1945年のソ連による北方領土占領時、島には1万7000人の島民が住んでいましたが、彼らは全員強制退去となり、北海道へと渡りました。元島民の方々は今日まで四島返還運動の前線に立たれており、故郷に思いをはせながらも、上述の枠組み以外では北方領土を訪れないようにされています。もし、目の前にありながらも決して訪れることのできない故郷にロシアの入国手続きを経て訪れている人がいたら、彼らの80年近くに渡る努力や故郷への想いはどうなってしまうのでしょうか。そして、島の写真を気安くSNSにアップロードしてしまうのは、彼らを愚弄することに等しい行いだと思います。
3.外国人なら訪問してよいのか?
その後回ってきたポストによると、今回訪問したアカウントの方は、どうやら日本語を話す中国籍の方のようです。
これを見て、「日本人ではないのだから、とやかくいうことはできないだろう」という意見も見かけました。しかし、日露以外の第三国の方であっても、ロシアの入国手続きを経て北方領土を訪問することは、四島が日本の主権下にあるという日本政府の主張を冒すものになります。先日も、駐露ルーマニア公使が北方領土を訪問し、日本政府は苦言を呈しています。

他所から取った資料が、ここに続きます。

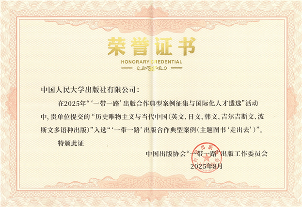 2025年8月16日,由中国出版协会、中国出版集团有限公司主办的第六届“一带一路”出版合作经验交流会在广州成功举办。会上,第六届“一带一路”出版合作典型案例征集与国际化人才遴选活动结果予以公布,中国人民大学出版社荣获三项荣誉:“《历史唯物主义与当代中国》多语种图书出版”入选“‘一带一路’出版合作典型案例(主题图书‘走出去’)”;总经理李开龙入选“‘一带一路’国际化领军人才”、国际合作部主任刘光宇入选“国际化人才”。中国人民大学出版社已连续6届在该评选活动中获奖。
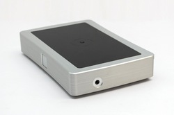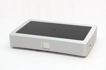 EXOGALの第一弾のモデルが「Comet Computer DAC」である。コーナーがラウンドしたA4サイズほどの大きさで、アルミケースが美しいフォルムを呈している。操作スイッチ類は一切なく、表示パネルのみが中央に据えられている。付属リモコンからの操作に加えて、iPadなどにインストールした操作アプリ「EXOGAL remote」を用いてBluetooth経由で入力切り替えや音量調整を行うことができる。
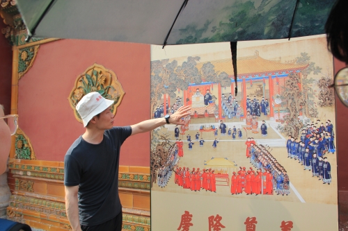 师生一行于午门集合,赵老师讲述午门的历史由来以及午门献俘的典故,拉开了本次活动的序幕。穿过午门,走过金水桥,师生们来到太和殿。赵老师从太和殿殿顶结构、殿前陈设、装饰彩绘等方面向师生们进行了详细介绍,师生们深切感受到皇家典礼的恢弘气派。

日本人の場合と同じで、外国人の北方領土訪問が続けば、北方領土問題に関する日本の立場を弱め、ロシアの実効支配を強めることにつながります。なぜなら「日露以外の第三国も、北方領土はロシアの主権下にあると認めている」というお墨付きを与えかねないからです。たとえそれが観光であったとしても、ロシアによる観光地化を進め、経済的な支配も進めてしまうことにもなります。
ちなみにですが、中国の北方領土に関する主張は、かつては日本寄りでした。というのも、冷戦時代は中ソは激しく対立し、日ソ関係も決して良好ではなかった一方で、日中関係は国交正常化後に急速に改善したからです。しかし、末期のソ連や新生ロシアは中ソ・中露関係の改善に努め、2004年には対立の要因だった国境紛争を解決します。このため、中露が接近した結果、中国政府は北方領土に関して公的な立場を示さなくなっています。
4.まとめ
もし、今回訪問した方のように、訪問したルートや島の状況をSNSで拡散すれば、「こうやったら行けるのか」、「こんな綺麗な場所なら行ってみたい」と思い、マネをする人が増えかねません。特に、ネット上のインフルエンサーがマネして訪問し、今度はそれをマネしてその視聴者が訪問する、という流れができてしまいそうで恐ろしいです。
島への訪問者が増えれば、ロシアのメディアは「こんなに日本人が島を訪れている」と報道することでしょう。そうやって、国内に、そして国外に対しても、北方領土(ロシア風にいえば南クリル)がロシアの領土であることを誇示するプロパガンダに使われてしまうのです。
「一個人の行いだからいい」というわけではありません。「個人だから」といってみんなが行えば、それは「集団の行動」になります。そしてそれが「日本人」であれば、「日本人の行動」になります。いくら「私は個人だから」といっても、第三者がどう判断するか、そしてロシアがどう利用するのかは別の話です。
今回の出来事がどのような影響を与えるかはわかりませんが、日本人として慎んだ行動ができるように願います。
最後までお読みいただき、ありがとうございました。